Вот только несколько вариантов «придуманных» таким образом подписей из еврейских газет того времени. «Снова объединяемся… чтобы разъединиться?», «Город без евреев реставрирует синагогу», «Борьба с терроризмом. Пять способов», «Позвольте мне любить…», «Премьер выбирает русских», «В Думе создается религиозное лобби», «Фестиваль подпольной культуры», «Шииты в синагоге», «Ложью единые», «Иран берет под контроль палестинцев», «Трудная дружба»…
Ну и неизбежные: «Их нравы», «Цена свободы», «Встреча друзей», «Будни общины», «Как мы отмечали Пурим», «Кто читает нашу газету».
А вот и абсолютный победитель, причем не только в категории «тяжелая эротика», но вообще во всех — заголовок из провинциального листка: «С приходом нового руководства общины старое еврейское кладбище начало оживать». Данс макабр!
Маньчжурский тихушник
Время от времени шеф брался укреплять состав редакции. Иногда просто от смутного недовольства существующим, иногда с чисто меркантильными целями — например, получить задаром компьютер. Причем, на мелочи не разменивался — делал варяга сразу главным редактором.
Первым в этом ряду стал неугомонный израильский юноша Эмик Фиш, сначала подвизавшийся на поприще совершенствования иудаизма, затем прославившийся на всю общину бурным романом с эффектной дамой заметно старше себя, потом поставлявший в Россию свинохвостых макак и прочий животный экзот и, наконец, утвердившийся в сфере еврейской демографии. В фонд газеты он внес ежемесячное пожертвование в размере трехсот долларов и древний оранжевый «мерседес» с плохо понимавшим по-русски шофером-кавказцем в комплекте.

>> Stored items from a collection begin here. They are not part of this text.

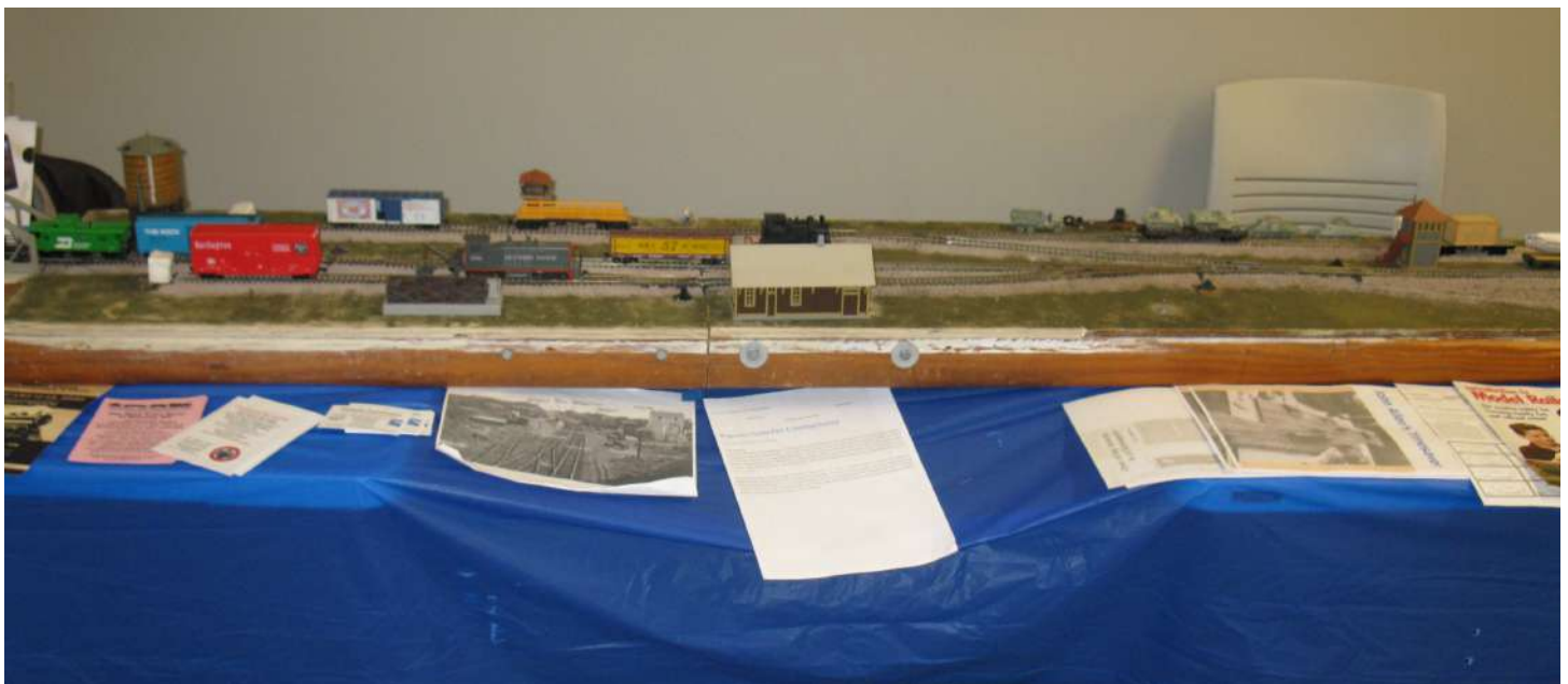
The layout from the front with literature promoting the hobby.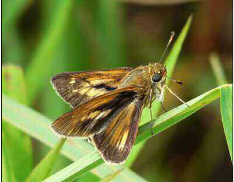
Dion Skipper, same individual; 7-18-09 Hinsdale, MA. Betsy Higgins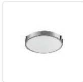
501102-LED Brushed Nickel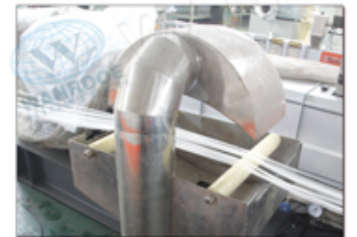
Drying Blower 吹干机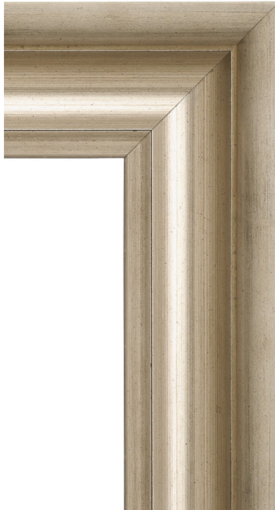
Wide Antique Silver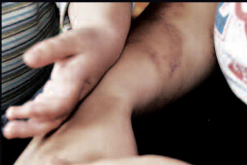
A woman and child at a shelter for victims of domestic violence in Hungary, October 10, 2013.

Hungary has clear obligations under international human rights law to protect women from violence. To meet these obligations, the Hungarian government should rectify the current shortcomings in its laws, policies and practices, improve police training, and increase the capacity of shelters for victims of domestic violence.

Недолгий срок его пребывания в должности главного редактора пришелся на романтический период. Возможно, именно занятость Эмика на личном фронте и избавляла нас от его участия в изготовлении газеты. Впрочем, плату за возможность называться главным редактором ведущей общинной газеты Эмик вносил исправно. А большего от него, собственно, и не требовалось.
Разнообразная деятельность Эмика субсидировалась его старшими братьями, вполне успешно занимавшимися в Израиле строительным бизнесом. Они готовы были до скончания времен материально поддерживать младшего, поставив ему только два условия: не сметь близко подходить к семейному бизнесу и не слишком часто пересекать внутрь границы исторической родины. Видимо, любить Эмика на расстоянии было проще. Его бурная история с эффектной дамой заметно старше его, сопряженная с обоюдными публичными поношениями и бросаниями ключей в лицо, служила подтверждением тому.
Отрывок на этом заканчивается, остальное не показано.